Global Initiatives Grant Report – Social and Moral Regulation of the New Coronavirus Pandemic in Brazil: An Ethnographic and Intersectional Analysis
The research project, “Social and Moral Regulations of the New Coronavirus Pandemic in Brazil: An Ethnographic and Intersectional Analysis,” received funding through the Global Initiatives Grant program. Researchers based in metropolitan regions of Florianópolis, Rio de Janeiro, João Pessoa and Salvador, Brazil carried out the research between July 2020 and June 2021. Research teams explored the perspectives of vulnerable social groups to analyze the social and moral regulations implemented during the Covid-19 pandemic in Brazil from a comparative perspective. The research built upon pre-established relationships between our team of researchers and their respective interlocutors in different contexts.
Axes of analysis included understandings of sanitary measures and the institutional treatment of the dead through the proliferation of death records and the institutional construction of death during the pandemic; the dissemination and implementation of survival strategies among invisibilized and racialized populations, such as Roma peoples, street populations, slum and periphery dwellers, informal workers, gravediggers, educators, essential service professionals, and black female heads of households; and public security policies and their effects on those living in urban territories affected by repression and the prohibition of the illicit drug trade. Professor Dr. Flávia Medeiros at the Federal University of Santa Catarina coordinated the project, which integrated investigators from all levels of academic training. The research was designed to take an ethical approach to conducting research during a moment of social isolation. The historically vulnerable populations whose strategies we hoped to understand were coping with increasing marginality under the Brazilian federal administration. Thus, the initial work of the research group was to use an epistemological framework to probe the ways in which the state limited the livelihoods of certain subjects from a theoretical perspective. At the same time, we carried out a survey of statistical and journalistic data about the pandemic for the purpose of understanding the main indicators of the Covid-19 pandemic. In this survey, key words such as Covid-19; coronavirus; pandemic; numbers; education; science; health; death; market; politics; and cemetery were used to think about the pandemic through interconnections between different contexts.
After months of research, the team created a decoupage of the gathered data. Following analysis of the decoupage, a series of questions that needed to be analyzed from the point of view of our interlocutors emerged. We could clearly see how violence against women, children, and people whose bodies are racialized (black, indigenous, gypsies) is exacerbated in these circumstances. As part of our collective research methodology, we kept a field diary from July 1, 2020 to March 6, 2021 whereby each researcher was responsible for writing notes one day per week. By co-writing in our diary, the impact of the pandemic on researchers’ working conditions, daily life and health became evident. This same clarity emerged around issues that intersect different social groups’ access to resources. We studied how people gained access to basic emergency aid and donations of food baskets, hygiene materials and clothing; how they participated in donations and the organization of activities and solidarity networks; what conditioned their access to health and social assistance systems; and how they experienced other situations such as illness and death in the family and neighborhood from Covid-19 or other diseases and the hardships that arise from conditions of social isolation. By conducting ethnographic analysis in different contexts, we sought to understand the social and moral organization of the novel coronavirus pandemic in Brazil from both a specific and comparative perspective.

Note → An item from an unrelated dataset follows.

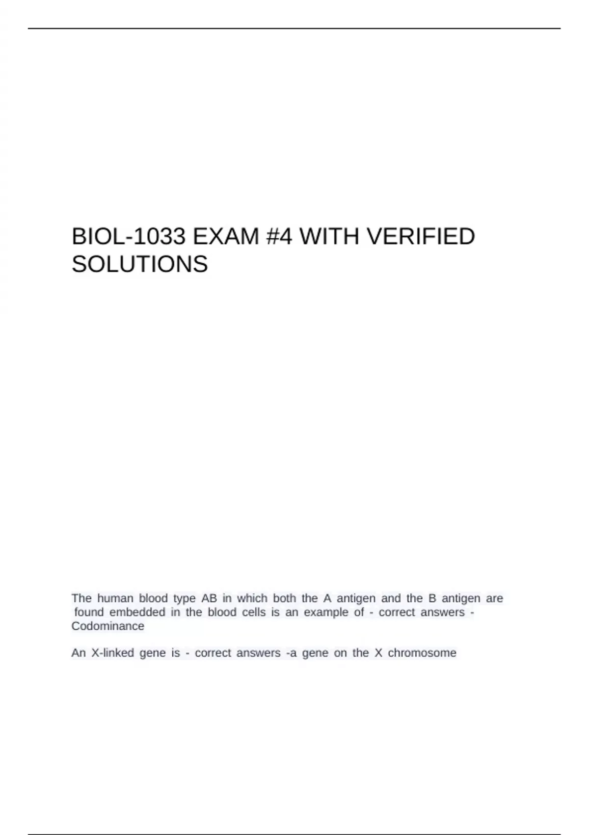 BIOL-1033 EXAM #4 WITH VERIFIED

We have presented our research conclusions in eight papers given at scientific events; twenty-four round tables and academic lectures; six articles in periodicals and three manuscripts to be published in collections that debate human rights, health and the pandemic, and Gypsy/Romani peoples; nine newspaper interviews and on official websites; and in an edited volume of scientific articles produced by members of our team.
Our comparative perspective has allowed us to gain insights into how people in favelas, cemeteries, social services, public transportation, legislative houses, and educational environments such as schools, universities, have reconfigured their daily life practices through creative survival strategies for gaining access to basic needs. There is a gap between state discourse and practice. Instead of fulfilling its role in providing access to basic rights, the state and its institutions create tensions and friction. It is through these gaps and junctures that citizens find possibilities for escaping and reorganizing the conditions that allow them to reduce inequality and regain their dignity.

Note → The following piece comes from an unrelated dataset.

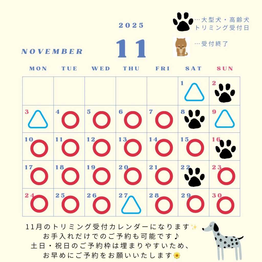 〈お知らせ〉11月のトリミング受付カレンダー 2025 10/19 お知らせ 2025年10月19日 【お店からのお知らせ】 いつも当店をご利用頂き、誠にありがとうございます。 来月のトリミング受付カレンダーになっております📅 土日祝日はご予約が埋まりやすいのでお早めにご予約下さい☑ 皆様のご来店、お待ちしております☻ ドッグサロンワンブビ お知らせ 〈お知らせ〉キャンセル料についてのお知らせ 〈お知らせ〉【ドッグランド ワンブビ情報局】~日帰り保育について~

Preliminary data suggest that the pandemic has produced management strategies that have allowed our interlocutors to negotiate ways of living with precarity and escaping death. In understanding how they have lived through isolation, we conclude that among the possible strategies, the management of care is built upon internal arrangements of care for one’s own, while public management, which purportedly assures safety for the full gamut of Brazilian citizens, does not exist for them.
Our comparative research has shown us that beyond the death of more than 680 thousand Brazilians as a result of the Covid-19 virus, death also touches Brazilians when their right to life and to the belonging that comes with differentiated forms of care, attention, and communication are denied. One kills when one denies the right to a life lived in safety and dignity.